Still, it’s not too early to see the up-and-coming players. Renault, with its electric plug-in compact model Zoe, and Tesla, on the strength of Model 3, have emerged as the market leaders, Schmidt notes. And this month, the Volkswagen Group has come on strong as it’s begun to take pre-orders for its battery-powered ID.3.
That model is billed as being VW’s first e-vehicle for the masses, and part of a larger $33 billion push into BEVs.
Walking through the Frankfurt Motor Show pavilion this week, Schmidt admitted he had a bit of sticker shock glancing at the suggested prices of the electric vehicles on display from the many manufacturers in the hall. “They were all priced somewhere between €29,000 and €35,000,” he said. “It may be a struggle to meet targets.”
Automakers are struggling to find a strategy that works for Europe as strict new emissions targets come into play in January—or face billions in fines. The level of CO2 must be cut to 95 grams per kilometer for 95% of a manufacturer’s fleet cars—down from the current 120.5g average allowance.
The stick hanging over the sector explains the explosion of e-vehicle news coming out of the auto show this week. But the headlines mask a big concern for automakers: how to make money on the electrification push. “These likely profitless vehicles are being shoved to the front of the stage in order to meet CO2 regulations,” says Schmidt.
But as the latest sales figures show, at least there is strong consumer demand.

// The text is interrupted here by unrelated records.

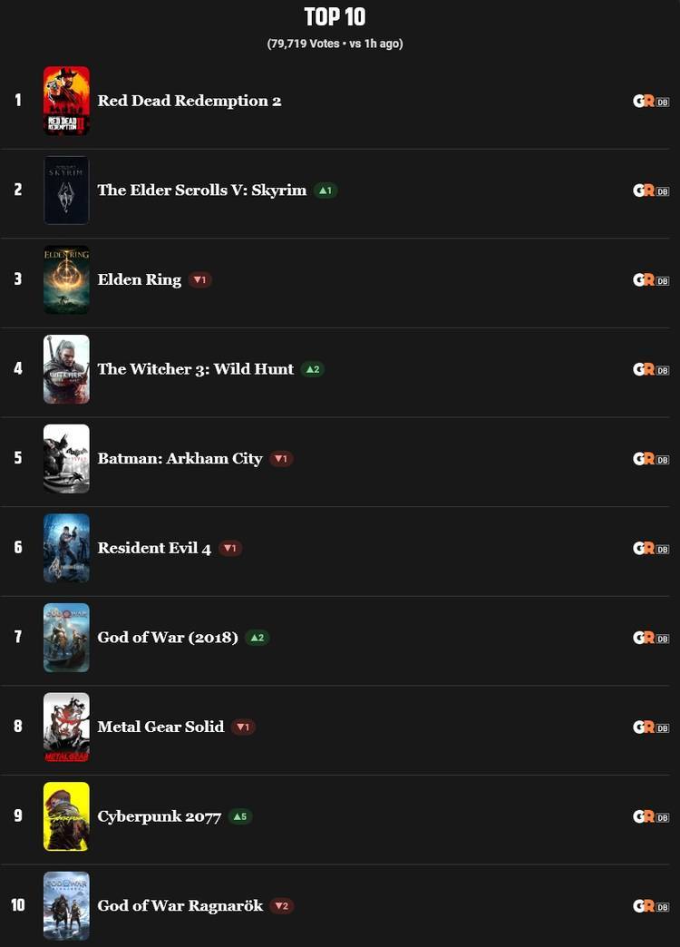 《荒野大鏢客 2》 是有史以來最好的遊戲,其次是 Bethesda 的開放世界史詩鉅作《上古卷軸 5: 天際》 、FromSoftware 的 《艾爾登法環》 、規模宏大的奇幻角色扮演遊戲 《巫師 3:狂獵》 、超級英雄動作冒險遊戲 《蝙蝠俠:阿卡姆之城》 、開創性的動作恐怖遊戲 《生化危機 4》 、2018 年的 《戰神》 遊戲、小島秀夫的 《合金裝備》 、CD Projekt Red 的 《賽博朋克 2077》 ,最後是備受讚譽的 2018 年 《戰神》遊戲的續作《戰神: 諸神黃昏》 。
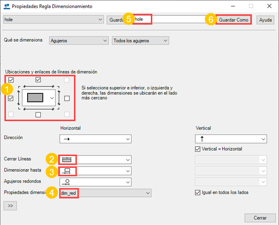 Introduzca un nombre exclusivo para la regla de dimensionamiento de agujero y haga clic en Guardar Como.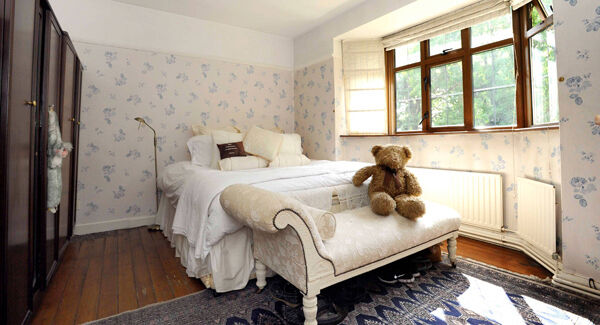 The upper floor has four bedrooms, all ranged southwards around a long landing and the family bathroom, (a symphony in French grey and dark grey and silvered wallpaper) bookends the run to the west, with the smallerst room, now a study/dressing room, to the east.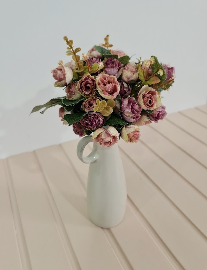 Ramalhete mini rosa c/ 21 roxo e bege P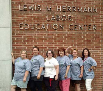 VSEA’s delegation to the 2016 NE Summer School for Women in Unions and Worker Organizations strike a pose on the grounds of the Rutgers campus in New Brunswick. NJ. Pictured here: Melissa Walsh (VVH), Cassidy Renfrew (DOC), Dawn Carillo (DII), Barbara King (VVH), Victoria Thorpe (Judiciary) and Sarah Draper (DCF). Not pictured is Rebecca Trower (Tax Dept.)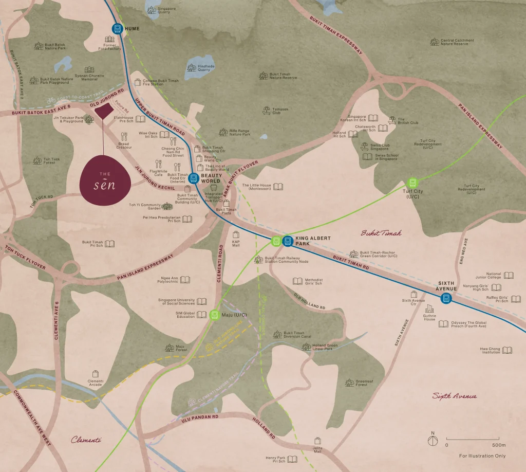 The Sen is a solid long-term investment, especially for buyers who value stability over short-term speculation. Upper Bukit Timah has consistently shown healthy tenant demand, supported by nearby nature parks, strong schools, and easy Downtown Line access via Hume MRT. While the area does not have a large pool of BTO upgraders — which means units may move more slowly in the resale market — this also keeps supply tight and competition lower. Over time, the combination of a stable tenant base, upcoming Beauty World transformation, and limited new launches in D21 provides good resilience and steady value appreciation for long-term holders.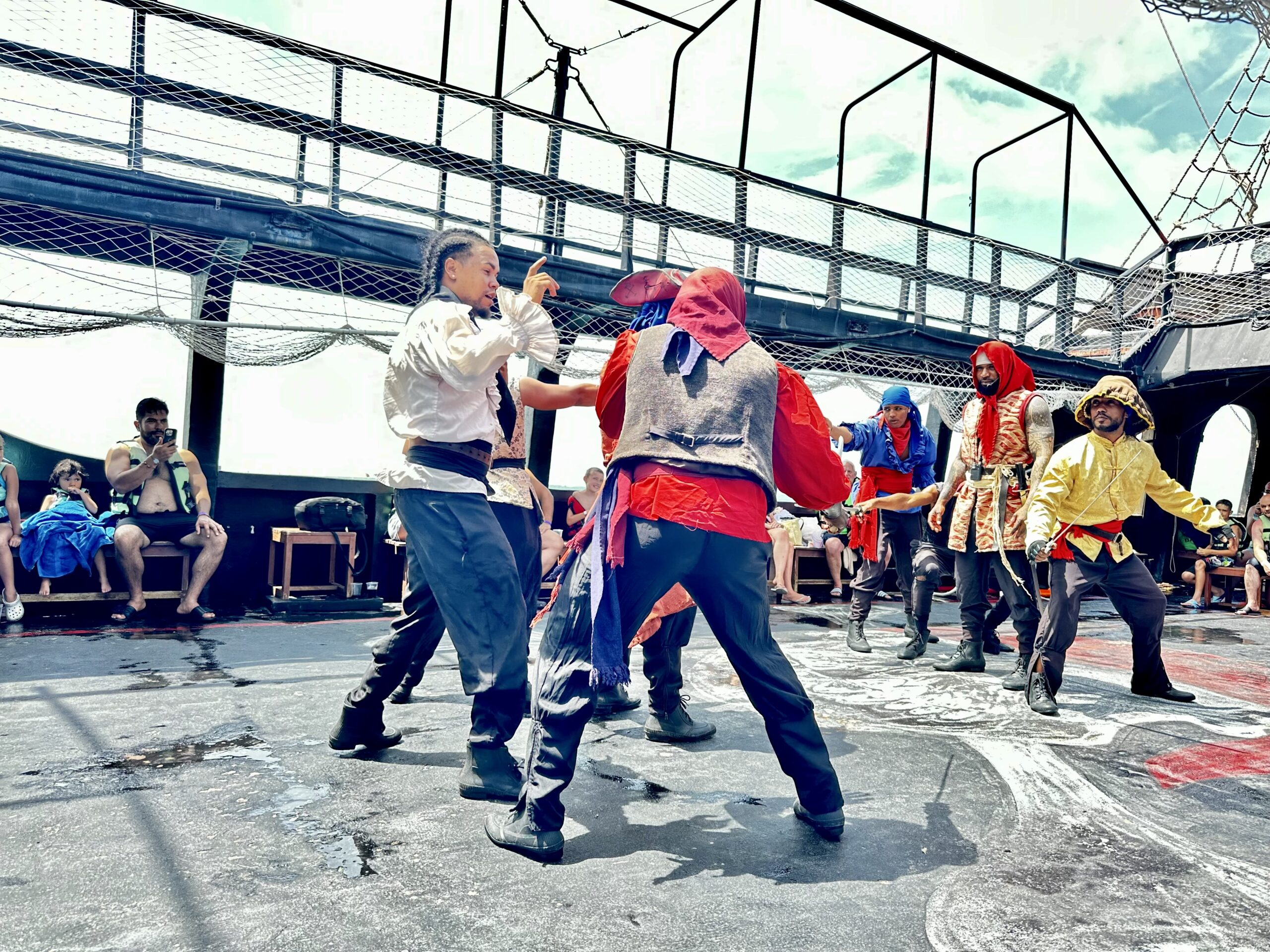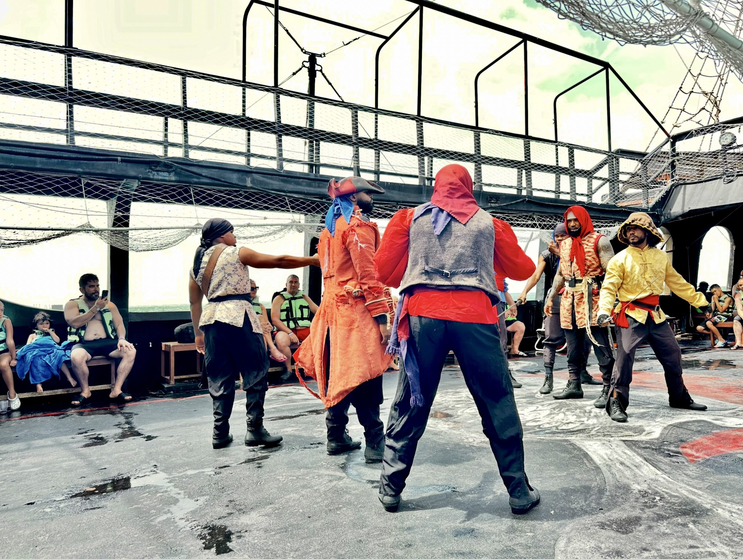 Navegue no majestoso e autêntico galeão La Hispaniola, onde cada momento é repleto de ação, diversão e pura adrenalina. Desde o embarque, você será transportado para um mundo de mistério e fantasia, com piratas rebeldes, tesouros escondidos e desafios inesperados. Aqui, você não é apenas espectador… você faz parte do show! Com a brisa do mar acariciando o rosto e o sol caribenho iluminando o azul cristalino do oceano, você receberá um treinamento pirata digno de lenda, aprendendo a enfrentar perigos e desvendar segredos no mapa do tesouro. Mergulhe nas águas quentes de Punta Cana para fazer snorkel e descubra um mundo submarino cheio de vida: recifes de corais vibrantes, peixes coloridos e majestosas arraias deslizando suavemente ao seu lado. Explore a misteriosa ilha dos tubarões e sinta a emoção de nadar ao lado dessas impressionantes criaturas em um ambiente totalmente seguro. Mas atenção! Piratas rebeldes podem atacar a qualquer momento com surpresas, jogos e desafios que vão arrancar risadas e gritos de emoção. Enquanto a diversão continua, aproveite o open bar com bebidas refrescantes e um delicioso lanche a bordo para recarregar as energias antes de voltar à ação. Suba a bordo e viva a magia dos mares neste espetáculo inesquecível!

BEVs may account for just 2 percent of overall sales, but the market is growing rapidly even with questions over e-vehicle pricing and the dearth of charging stations.
Next year, thanks in no small part to the new emissions rules, share will grow even further. Volkswagen Group, for one, plans to bring 300,000 new BEVs to market and that it will have six such models on the road by 2022.
Despite the somewhat optimistic signs, VW, for one, will be hedging its bets on the car-buying public. The carmaker is aggressively rolling out car-sharing services in parts of Europe that will overwhelmingly feature battery-powered and electric vehicles. The upside is clear: the more BEVs it gets on the road the less likely it is to pay a hefty emissions fine.